* [MATERIAL PROVIDED]:
----
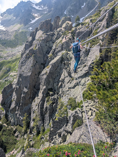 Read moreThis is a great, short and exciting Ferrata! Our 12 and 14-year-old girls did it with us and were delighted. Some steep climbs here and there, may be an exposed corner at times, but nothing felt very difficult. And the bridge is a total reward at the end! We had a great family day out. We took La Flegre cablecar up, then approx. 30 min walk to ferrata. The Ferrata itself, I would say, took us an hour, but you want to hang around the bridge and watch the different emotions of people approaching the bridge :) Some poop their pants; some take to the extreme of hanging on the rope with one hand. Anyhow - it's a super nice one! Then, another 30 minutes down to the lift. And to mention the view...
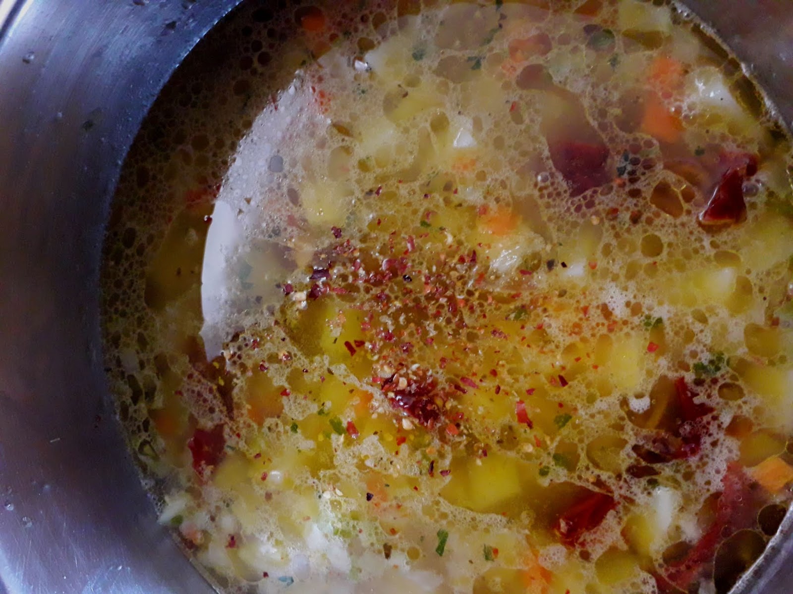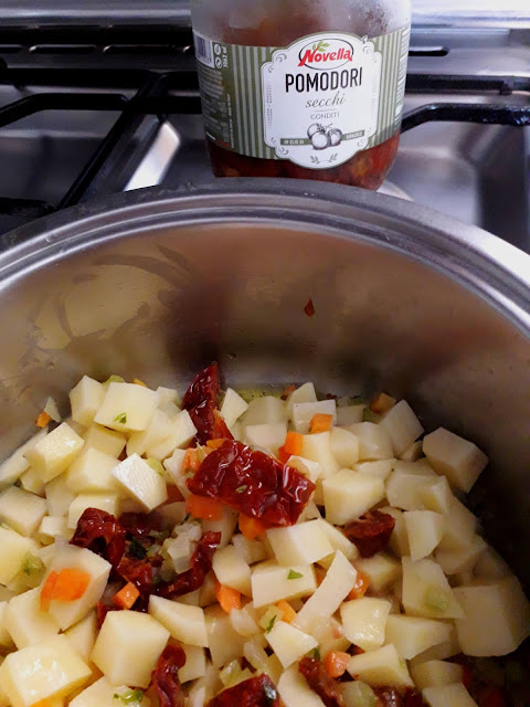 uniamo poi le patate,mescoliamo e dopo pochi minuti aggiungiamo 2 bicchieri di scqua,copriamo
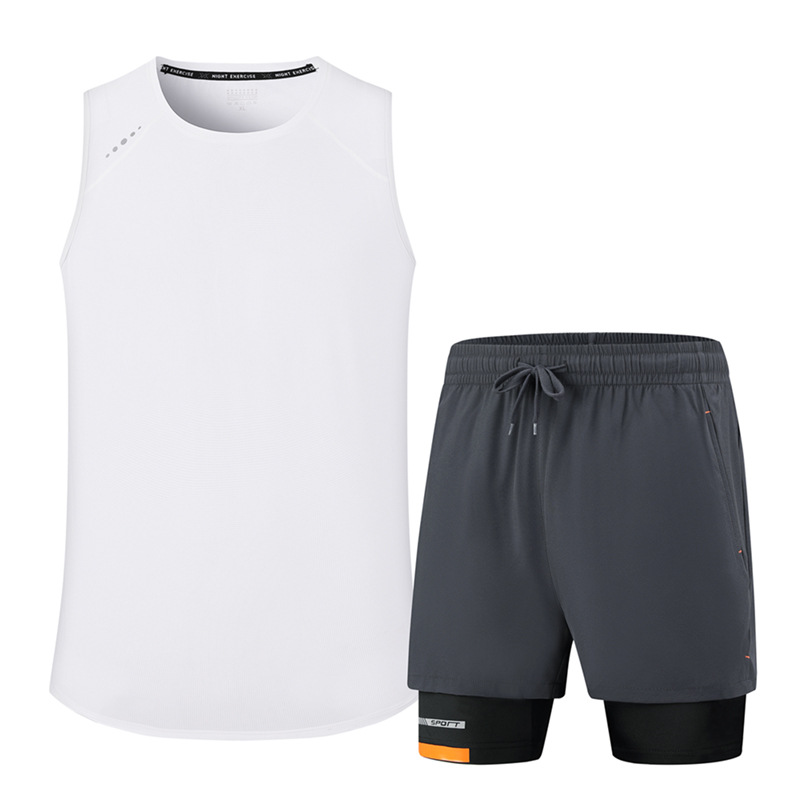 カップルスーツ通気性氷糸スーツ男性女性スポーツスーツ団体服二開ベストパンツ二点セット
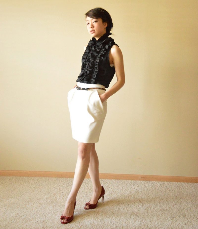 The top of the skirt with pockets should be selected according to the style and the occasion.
----
* [TASK DESCRIPTION]: The answer should contain only the lines from the one with "uniamo poi le" through the last line of the material, given word for word and without pictures.

* [ANSWER SECTION]:
 uniamo poi le patate,mescoliamo e dopo pochi minuti aggiungiamo 2 bicchieri di scqua,copriamo
 カップルスーツ通気性氷糸スーツ男性女性スポーツスーツ団体服二開ベストパンツ二点セット
 The top of the skirt with pockets should be selected according to the style and the occasion.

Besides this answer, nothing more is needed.